- _LISTED ENTRIES_
BEGIN

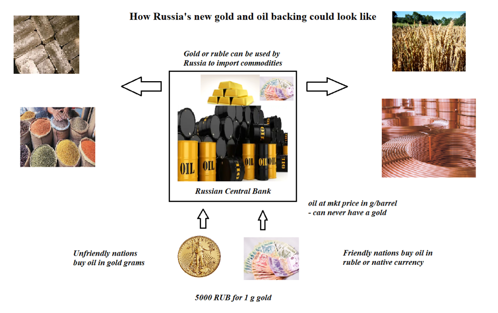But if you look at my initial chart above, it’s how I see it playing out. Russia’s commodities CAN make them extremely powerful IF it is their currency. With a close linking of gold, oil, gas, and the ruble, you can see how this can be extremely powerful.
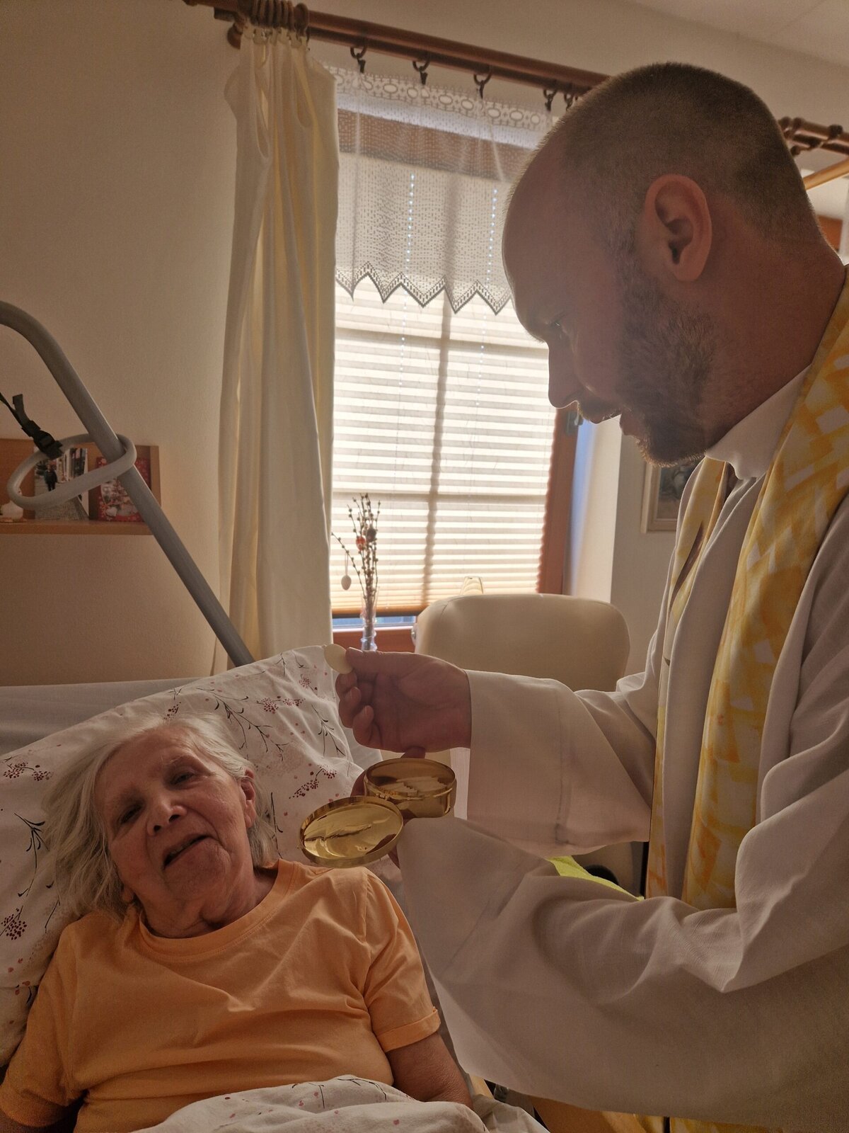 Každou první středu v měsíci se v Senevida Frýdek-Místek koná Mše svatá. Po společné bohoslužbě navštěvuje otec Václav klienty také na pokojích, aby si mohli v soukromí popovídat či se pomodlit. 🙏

END
BEGIN

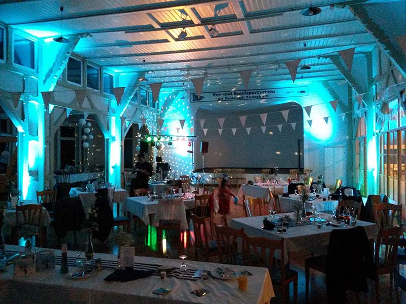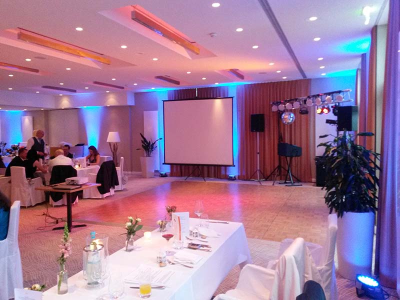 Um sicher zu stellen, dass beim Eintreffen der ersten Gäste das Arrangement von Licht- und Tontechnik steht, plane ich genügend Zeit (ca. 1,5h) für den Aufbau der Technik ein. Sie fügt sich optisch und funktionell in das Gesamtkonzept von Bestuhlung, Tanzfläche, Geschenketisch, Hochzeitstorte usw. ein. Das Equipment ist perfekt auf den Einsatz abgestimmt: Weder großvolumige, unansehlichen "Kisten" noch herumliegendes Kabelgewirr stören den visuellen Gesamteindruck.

END

- _WORK REQUEST_
Transcribe only this stretch of the data: the line with "But if you look", the line with "Každou první středu", and every line in between. Leave out the pictures.

- _OUTPUT BELOW_
But if you look at my initial chart above, it’s how I see it playing out. Russia’s commodities CAN make them extremely powerful IF it is their currency. With a close linking of gold, oil, gas, and the ruble, you can see how this can be extremely powerful.
 Každou první středu v měsíci se v Senevida Frýdek-Místek koná Mše svatá. Po společné bohoslužbě navštěvuje otec Václav klienty také na pokojích, aby si mohli v soukromí popovídat či se pomodlit. 🙏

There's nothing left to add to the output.